Over time, the fibrin matrix contracts into a more defined structure, which then becomes increasingly opaque upon culturing under osteogenic conditions. This opacity is due to the occurrence of osteoid deposition by the cells and its subsequent mineralisation on the matrix [Figure 4.C].

Analytical efficiency

With the correct planning, many analytical approaches can be carried out using a single construct, which demonstrates the analytical efficiency of the SSBM construct method; for example, Figure 5 shows the journey of a single construct through five separate analytical techniques.
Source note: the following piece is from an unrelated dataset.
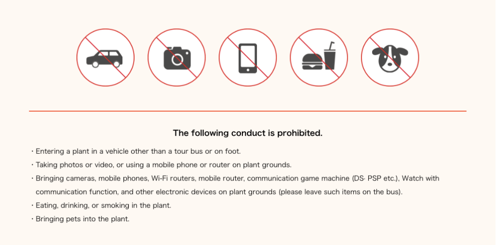 Des consignes étaient données dès l’inscription, pas de vidéo ou photo dans l’enceinte de l’usine, ni même une PSP ou un routeur wifi. L’essentiel de la visite se passe sur une coursive tout en haut du plan où travaillent les travailleurs et les robots. En sus de limiter l’espionnage industriel, empêcher les touristes 5 mètres au dessus de ta tronche de te prendre en photo deux heures par jours, c’est un mieux pour l’ordre social.

First the construct is stained intact using non-toxic ReadyProbes™ (cat no.: R37609; supplier: Invitrogen, Hertford, UK) for live-dead imaging. Subsequently, it is subjected to X-ray fluorescence (XRF) and then scanning electron microscopy (SEM). Meanwhile, the media collected from these constructs can be analysed by enzyme-linked immunosorbent assays (ELISA) at multiple timepoints throughout the construct culture period. Constructs stained with the ReadyProbes™ are also in an acceptable condition to be used for other analytical techniques, such as RT-qPCR and immunofluorescence (IF) staining.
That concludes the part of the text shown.